Why is the environment a "liberal" issue?

Of that, I have little doubt. Perhaps I should have included the phrase “for some”; I’m not trying to paint all those with religious beliefs in a certain light, nor am I attempting to limit the “we cannot affect the Earth” to only believers. However, IME, that’s been the underlying justification when I’ve heard the argument.

Again, not trying to overgeneralize to everyone, just to give a (minor) contributing factor that is applicable to some people.

I understand that you are relating your experience, and I appreciate it.

Strange that religion is being associated with anti-environmental.
In the Environmental group I am most active in, about half the members are active in their churches also.
I don’t know the exact breakdown, but we have Roman Catholics, Lutherans, Jews, Unitarians, a few Buddhist and several other flavors of Protestant.
Then a bunch of us are agnostic, non-practicing something or atheist.

We all get along pretty well in a common effort.
Go figure.

Jim

Hunters tend to be conservative. Hunters are also the biggest environmentalists in the US. If not for hunting then there literally would not be the national parks and wildlife refuges that we now know.

Hunters raise twelve times as much money for wildlife conservation as all the other taxpayers combined. (Cite is a factcard I was given at my hunters safety course.)

Of course democrats, being traditionally the party of larger government and more government control over things, tend to favor more government regulations regarding the environment.
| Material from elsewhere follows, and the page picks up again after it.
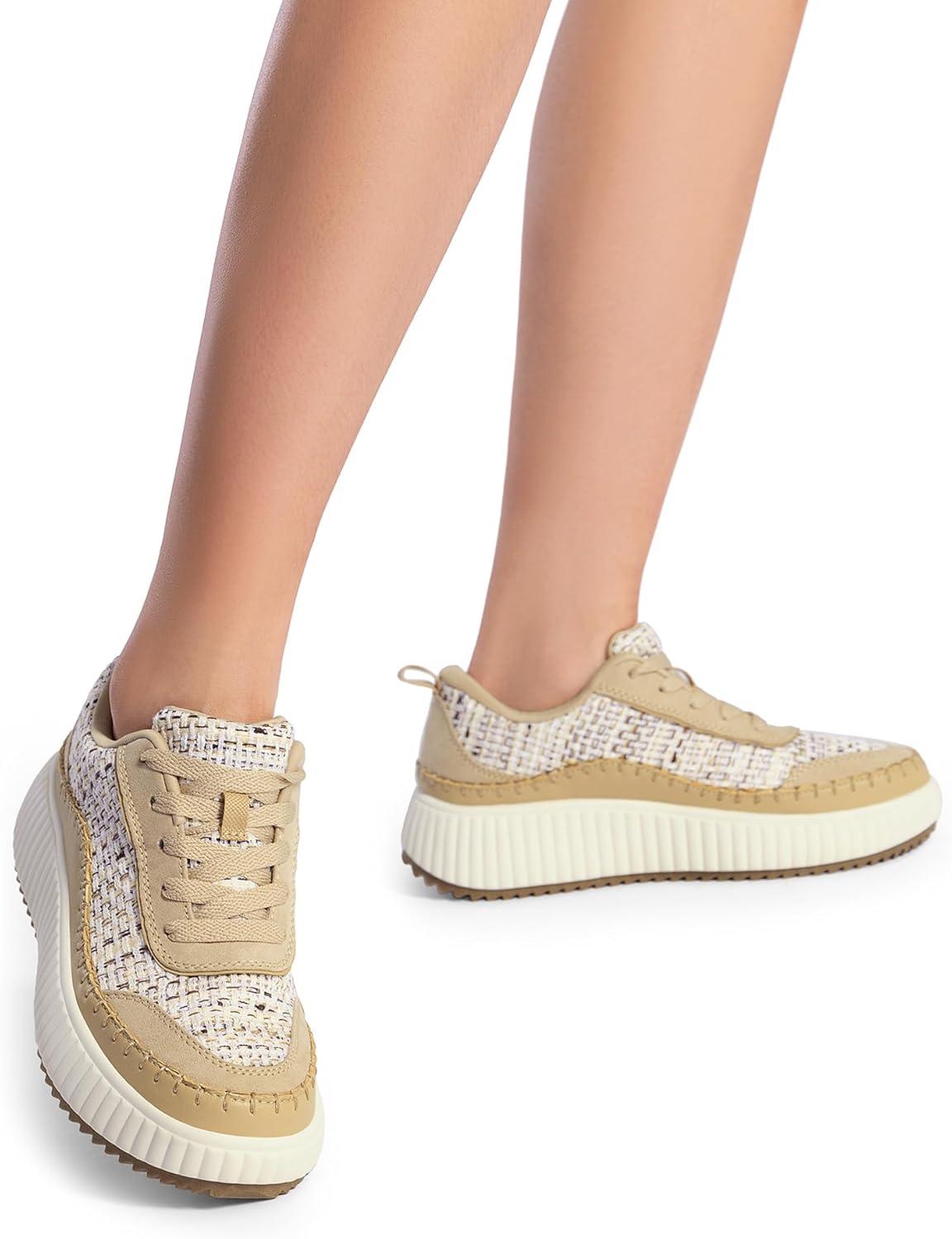 DREAM PAIRS Women Chunky City Tweed Comfortable Casual Platform Fashion Sneaker(Khaki-knit)
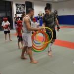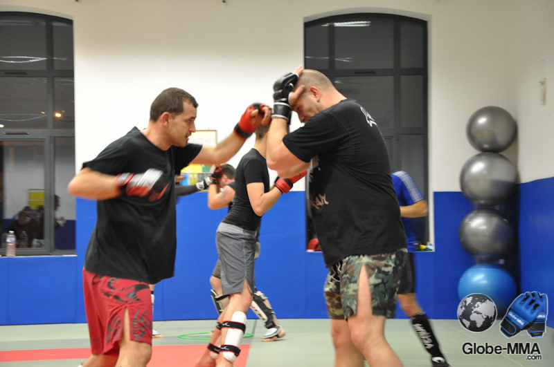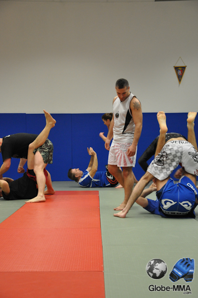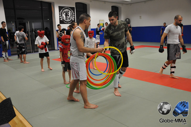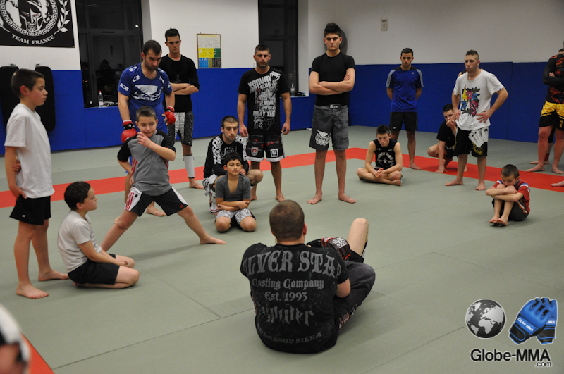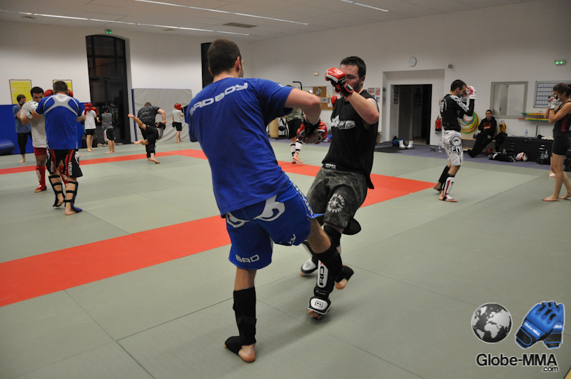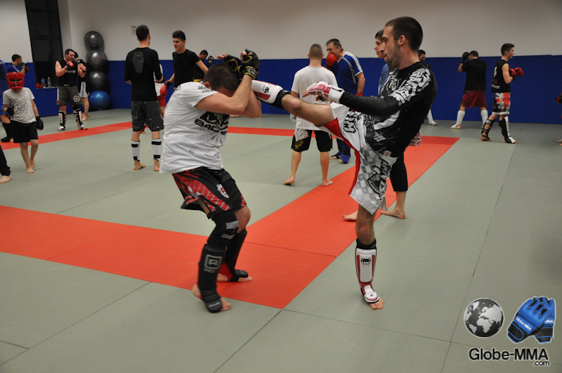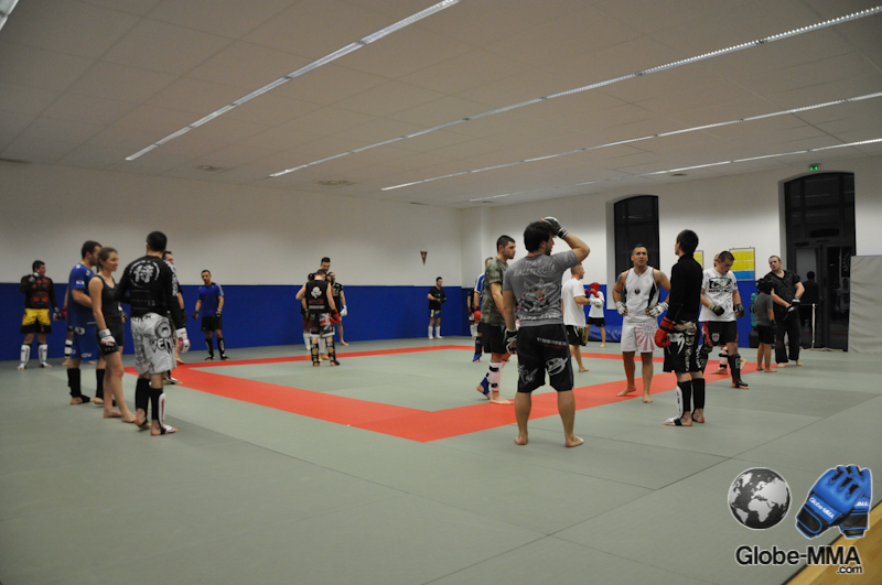 Alessio Sakara vient chaque année faire des stages au club et est très proches de ses élèves, jusqu’à même être l’homme de coin de ses élèves compétiteurs ! Ça doit faire bizarre pour l’adversaire…

Unfortunately many simple minded people equate this with only them caring about the environment. That’s just not true.

I would be interested in the stats behind that fact card, but I agree with much of what you say.

Anglers and Fishing Captains are usually our best allies. Rather than making huge commercial harvest they respect the sea and usually support limits when fish populations begin to drop. They came out in large number to protest a sewage plant that my group turned up as a pollution source. Same with one rogue foreign owned Chemical Company that was polluting the local bay.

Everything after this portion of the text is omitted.